The situation with messaging apps today actually looks a lot like the mess of mobile operating systems available at the beginning of the smartphone era when Symbian, Maemo, MeeGo, Blackberry OS, Bada, Windows Mobile, iOS, and Android created a chaotic market. At the time, businesses had to pick their poison and swallow hard if they picked the wrong platform.

And the messaging landscape today? It’s even more challenging. Just about all of the major players above have created their own bot platforms or have announced plans to in the near future, which creates further fragmentation.

The mobile OS market at its most fragmented featured about 10 different operating systems. With messaging apps today, it’s more like 100, with four of those in the more-than-one-billion-users club (we’ll call them the B-messengers). Imagine a future where almost every business must create a bot for each major messaging app — the world literally may not have enough developers to quickly provide that many bots for that many messengers.

While emerging platforms make it simpler for businesses to work with bots and to deploy them across multiple messaging app platforms more easily, none of these solutions is able to address how to easily make bots on every platform.

Existing bot platforms function like a layer over a business’ back-end, aimed only at solving the narrow issue of bot development. What these bot platforms don’t do is deliver a true “digital core” to a company that can serve as a cloud back-end for the entire company.

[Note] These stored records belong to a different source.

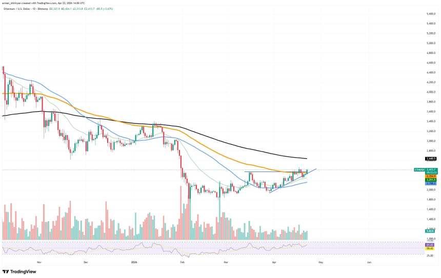 A short-term uptrend, with higher lows and consistent buying pressure on dips, is currently forming for the asset, which is trading in the $2,400 range. Although the worst of the recent decline may be behind it, the recovery is still uncertain according to this structural change.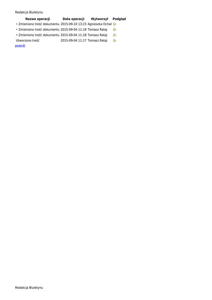 Redakcja Biuletynu Nazwa operacji Data operacji Wytworzył • Zmieniono treść dokumentu 2015-09-10 13:23 Agnieszka Ochał • Zmieniono treść dokumentu 2015-09-04 11:19 Tomasz Rataj • Zmieniono treść dokumentu 2015-09-04 11:18 Tomasz Rataj Utworzono treść powrót Redakcja Biuletynu 2015-09-04 11:17 Tomasz Rataj Podgląd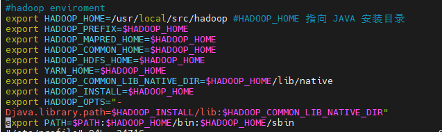 export HADOOP_HOME=/usr/local/src/hadoop #HADOOP_HOME 指向 JAVA 安装目录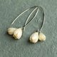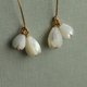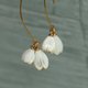 這款雪鈴花耳環以雕刻珍珠母貝製成,表面閃耀柔和珠光,在光線下展現自然光澤。可選擇銀色或金色耳鉤與金屬配件。耳環長度約 5 公分(約兩英吋),雪鈴花造型自然垂墜於下顎線附近,優雅動人。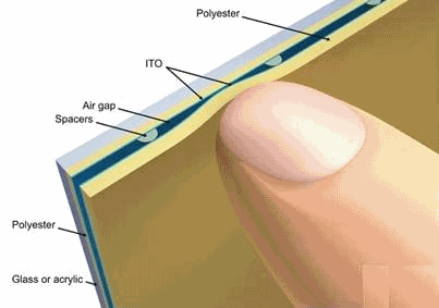 電阻式觸控屏幕已擺脫從1970年代就存在的專利限制桎梏,這種技術(shù)的工作原理很簡(jiǎn)單,主要部分是由兩層微小空氣隙隔離的透明電阻材料組成,一般是淀積在塑料膜和玻璃基板上的氧化銦錫(ITO),其中,頂層是軟性的(Flexible),而低層是硬性的(Rigid),中間有許多細(xì)小的透明間隔點(diǎn)以隔離兩個(gè)導(dǎo)電層(圖1),當(dāng)用戶手指按壓頂層時(shí),在接觸點(diǎn)形成電壓梯度時(shí),電子控制組件會(huì)對(duì)之進(jìn)行感測(cè),并計(jì)算出X、Y坐標(biāo)的位置。

There’s a growing need in this brave new world of bots to answer some key questions about function and sustainability.

  • How can a business make bots that play well with all existing core systems and business processes?
  • Where should bots be hosted?
  • How quickly can the logic of a bot be changed after it has been created?
  • How can a bot be connected not to a single messaging app, but to multiple platforms?
  • How can we analyze a bot’s performance?

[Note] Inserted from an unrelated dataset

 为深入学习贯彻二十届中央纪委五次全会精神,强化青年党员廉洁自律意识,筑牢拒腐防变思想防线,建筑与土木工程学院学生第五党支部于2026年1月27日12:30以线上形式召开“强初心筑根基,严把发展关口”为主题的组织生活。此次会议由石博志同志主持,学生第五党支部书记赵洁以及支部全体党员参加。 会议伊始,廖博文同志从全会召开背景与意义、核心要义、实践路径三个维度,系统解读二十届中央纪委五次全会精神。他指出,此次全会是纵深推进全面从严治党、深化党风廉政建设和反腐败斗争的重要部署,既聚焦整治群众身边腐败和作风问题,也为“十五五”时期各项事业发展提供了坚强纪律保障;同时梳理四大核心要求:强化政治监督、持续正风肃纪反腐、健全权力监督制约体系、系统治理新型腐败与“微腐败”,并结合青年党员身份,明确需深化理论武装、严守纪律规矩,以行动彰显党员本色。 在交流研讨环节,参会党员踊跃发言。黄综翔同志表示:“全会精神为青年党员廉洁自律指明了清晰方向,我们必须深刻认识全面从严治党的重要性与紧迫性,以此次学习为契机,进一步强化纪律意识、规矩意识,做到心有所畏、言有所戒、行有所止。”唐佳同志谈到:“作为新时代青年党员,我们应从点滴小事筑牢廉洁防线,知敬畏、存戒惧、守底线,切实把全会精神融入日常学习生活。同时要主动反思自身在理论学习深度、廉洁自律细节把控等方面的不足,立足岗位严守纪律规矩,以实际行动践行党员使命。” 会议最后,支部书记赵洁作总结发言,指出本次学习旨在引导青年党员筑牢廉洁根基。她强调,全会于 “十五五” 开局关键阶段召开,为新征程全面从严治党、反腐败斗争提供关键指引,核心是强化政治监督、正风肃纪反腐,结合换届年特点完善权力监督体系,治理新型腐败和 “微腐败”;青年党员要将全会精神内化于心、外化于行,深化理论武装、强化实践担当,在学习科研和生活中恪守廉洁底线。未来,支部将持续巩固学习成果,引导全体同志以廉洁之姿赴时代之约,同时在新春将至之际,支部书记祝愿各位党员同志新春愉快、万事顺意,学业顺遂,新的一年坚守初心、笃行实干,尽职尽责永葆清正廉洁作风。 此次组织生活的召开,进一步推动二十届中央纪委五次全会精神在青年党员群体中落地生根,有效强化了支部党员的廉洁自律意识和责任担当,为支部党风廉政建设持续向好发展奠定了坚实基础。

Businesses now stand at the beginning of a bot revolution, making it extremely important for companies to select the right IT strategy from the start. What businesses need is a single operating system for bots to emerge, one that makes it possible to very easily create, set up, and host bots for any messaging app or front-end.

What would a bot OS look like?

For starters, businesses would need to have systems that allowed the creation of back-end logic for any bot, the power to connect a bot to any internal or external service as needed, and the ability to react to users’ commands in real time.

This will require an event-driven architecture that anticipates and is able to respond to a tremendous breadth of scenarios. Once a basic bot is created in this operating system, it needs to be easily accessible via the desired messaging apps, web, mobile apps, and any other appropriate channel. It must be a full OS for the business it serves. A true “digital core,” if you will.

Comprehensive bot management goes beyond simple bot production and deployment. It needs to not only deliver fully capable bots to any external channel, but also integrate with ease to access all of a business’ core systems, preparing those businesses to thrive in our new bot-based reality. Welcome, bot overlords.